> _WHAT THE EXERCISE ASKS_:
The first line of the listing opens the range and the line with "Не регистрировал. Скачивал" closes it; repeat those lines and all between them word for word, leaving out the pictures.

> _GIVEN INFORMATION_:
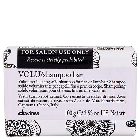 Davines Shampoo Bar Volu is a solid shampoo bar that gives body and volume to fine or limp hair. A solid texture that develops into a rich creamy foam during application to give softness, shine and silky texture.
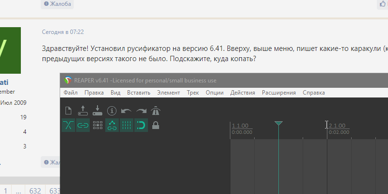 Не регистрировал. Скачивал всё с оф. сайта. Кажется, я понял свою ошибку. Установил русификатор со старой версии. Потом скачал более новый и установил поверх. Сейчас удалил, поставил заново. Теперь написано REAPER v6.41 -EVALUATION LICENSE. А были каракули неправильной кодировки, когда русский выставлен. Если английский - то нормально было. Спасибо!
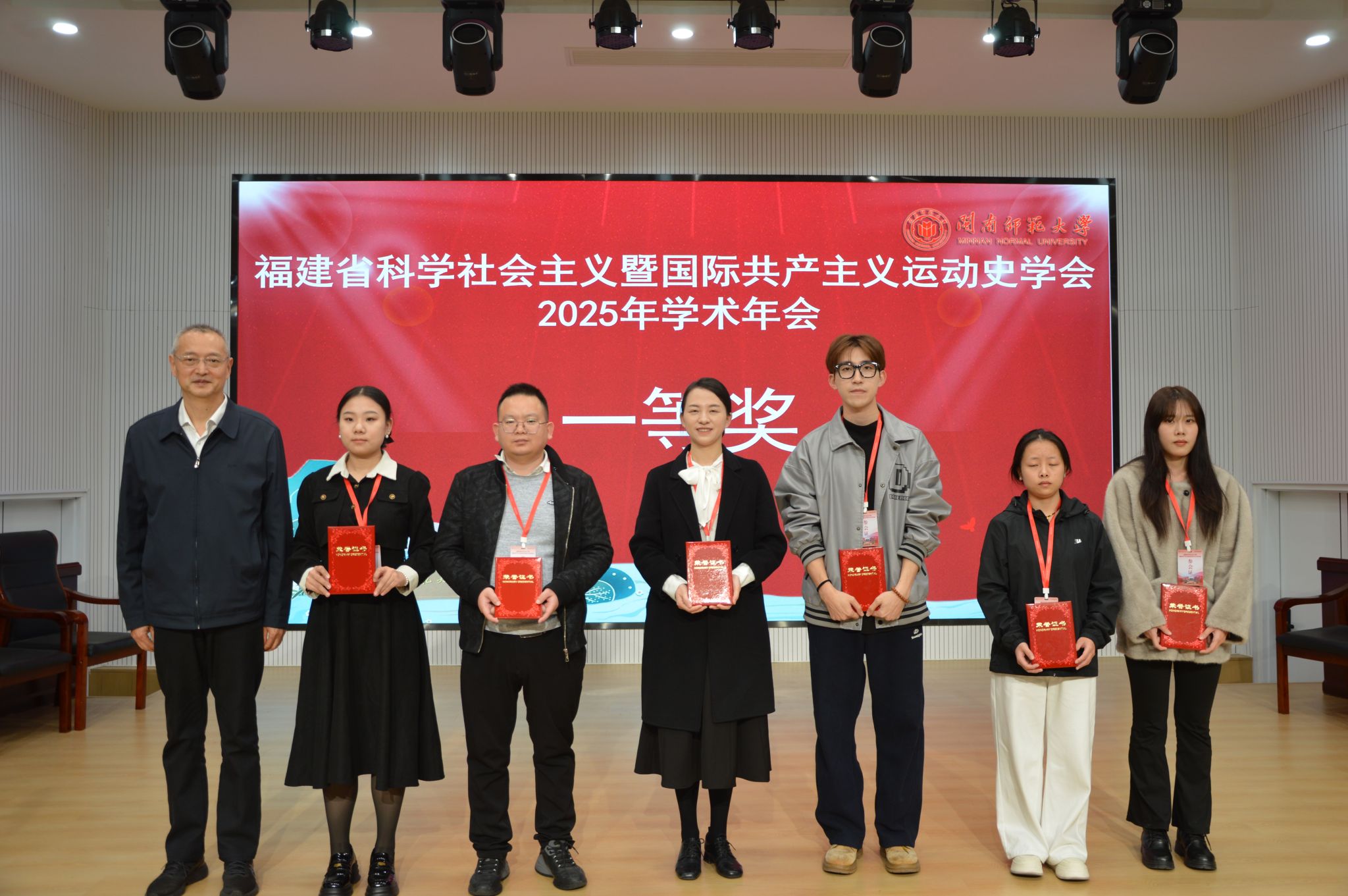 会议小结由学会副秘书长、宁德师范学院郑常鳜副教授主持。本次论坛共收到142篇论文,经专家评审,共选出一等奖8名,二等奖12名,三等奖20名,优秀奖44名。学会副会长连朝毅宣布获奖论文名单,省学会会长夏良玉、永利23411集团党委书记方琼、宁德师范学院永利23411集团党委书记廖翔华分别为获奖作者颁奖。
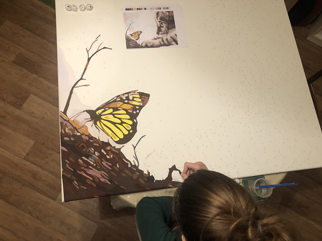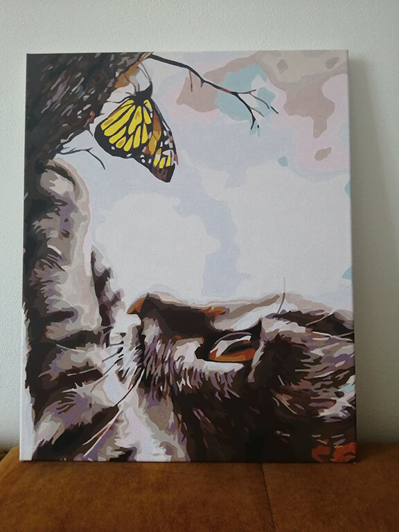 Malování podle čísel - KOČKA A ŽLUTÝ MOTÝL

> _ANSWER BELOW_:
 Davines Shampoo Bar Volu is a solid shampoo bar that gives body and volume to fine or limp hair. A solid texture that develops into a rich creamy foam during application to give softness, shine and silky texture.
 Не регистрировал. Скачивал всё с оф. сайта. Кажется, я понял свою ошибку. Установил русификатор со старой версии. Потом скачал более новый и установил поверх. Сейчас удалил, поставил заново. Теперь написано REAPER v6.41 -EVALUATION LICENSE. А были каракули неправильной кодировки, когда русский выставлен. Если английский - то нормально было. Спасибо!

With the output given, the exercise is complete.